Work item:
From the line below containing "在過去,診斷出早期消化道癌症" to the final line, print each line exactly as written. No pictures belong in the copy.

Data excerpt:
[Start of Attachment]

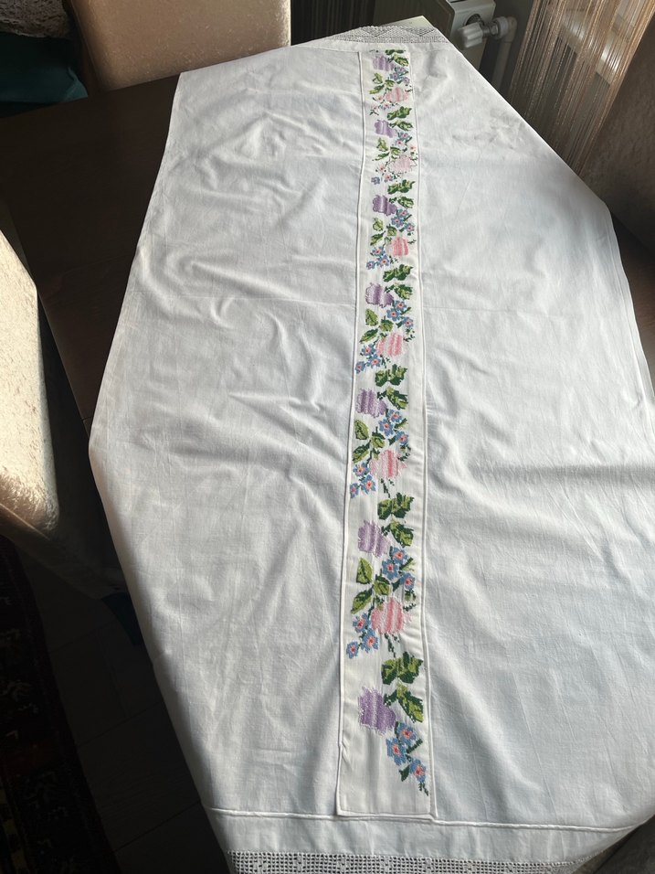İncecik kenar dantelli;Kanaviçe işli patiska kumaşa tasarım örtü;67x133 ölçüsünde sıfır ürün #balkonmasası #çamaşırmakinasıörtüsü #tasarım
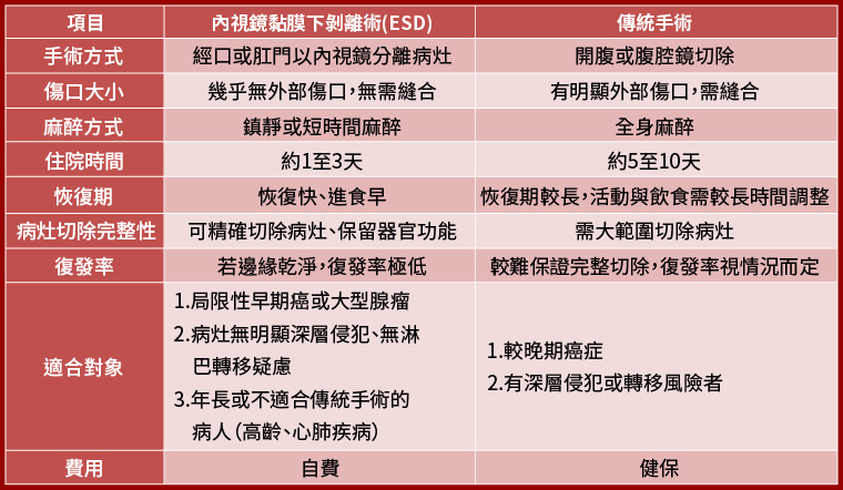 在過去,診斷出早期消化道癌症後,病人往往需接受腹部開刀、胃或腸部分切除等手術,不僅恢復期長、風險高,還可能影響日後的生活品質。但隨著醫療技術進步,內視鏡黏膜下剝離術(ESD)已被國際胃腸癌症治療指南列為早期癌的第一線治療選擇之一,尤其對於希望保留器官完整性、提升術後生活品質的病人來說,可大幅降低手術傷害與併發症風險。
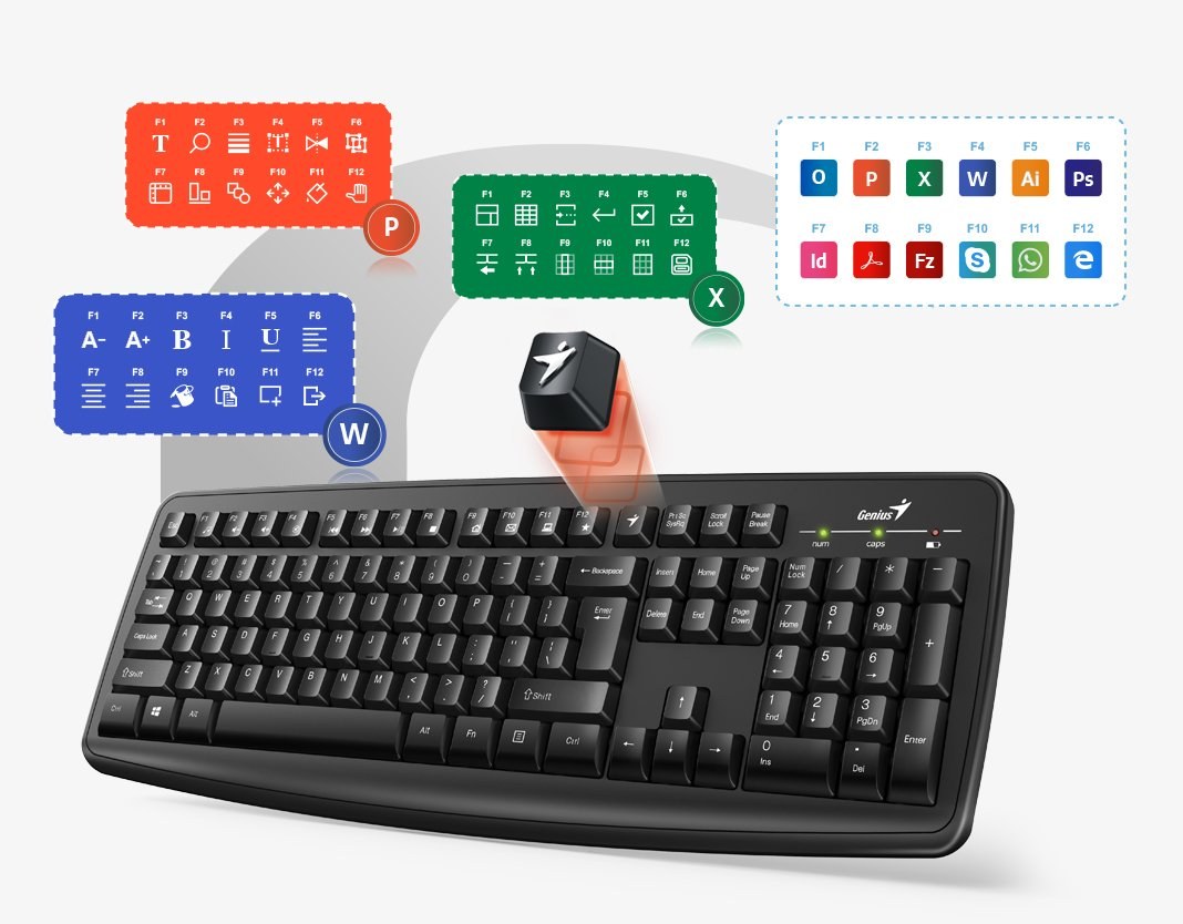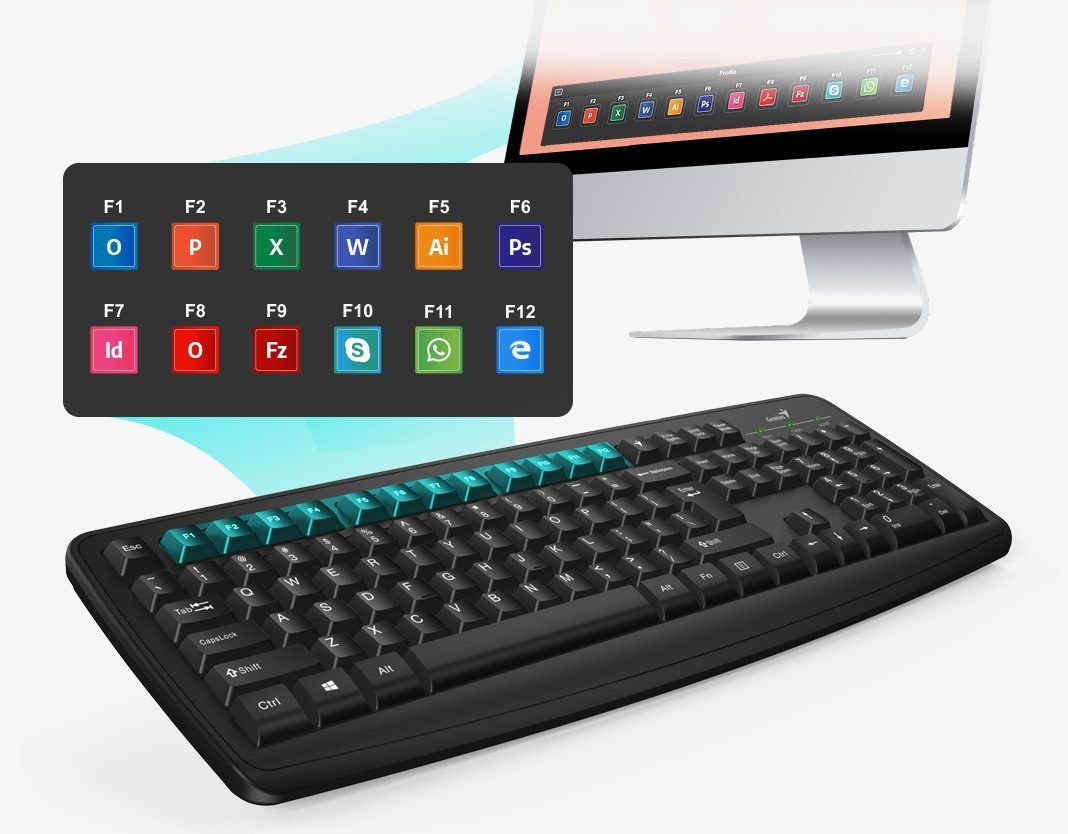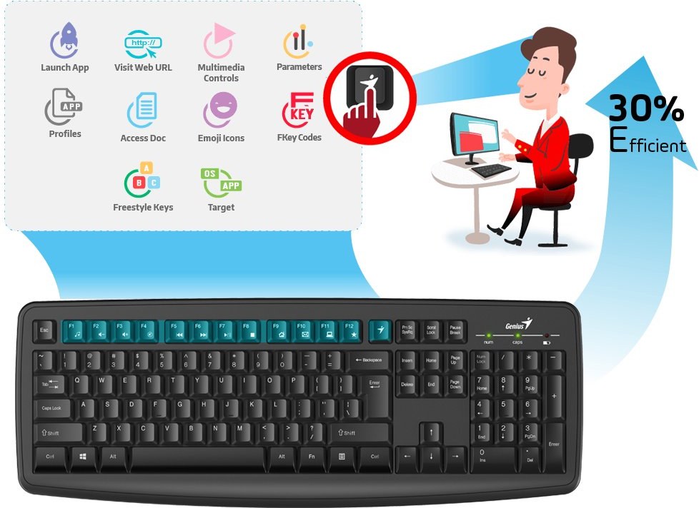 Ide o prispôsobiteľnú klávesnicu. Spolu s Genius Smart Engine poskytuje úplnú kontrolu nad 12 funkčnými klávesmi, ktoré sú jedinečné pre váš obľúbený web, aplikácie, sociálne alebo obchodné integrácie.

[End of Attachment]

Output of the exercise:
 在過去,診斷出早期消化道癌症後,病人往往需接受腹部開刀、胃或腸部分切除等手術,不僅恢復期長、風險高,還可能影響日後的生活品質。但隨著醫療技術進步,內視鏡黏膜下剝離術(ESD)已被國際胃腸癌症治療指南列為早期癌的第一線治療選擇之一,尤其對於希望保留器官完整性、提升術後生活品質的病人來說,可大幅降低手術傷害與併發症風險。
 Ide o prispôsobiteľnú klávesnicu. Spolu s Genius Smart Engine poskytuje úplnú kontrolu nad 12 funkčnými klávesmi, ktoré sú jedinečné pre váš obľúbený web, aplikácie, sociálne alebo obchodné integrácie.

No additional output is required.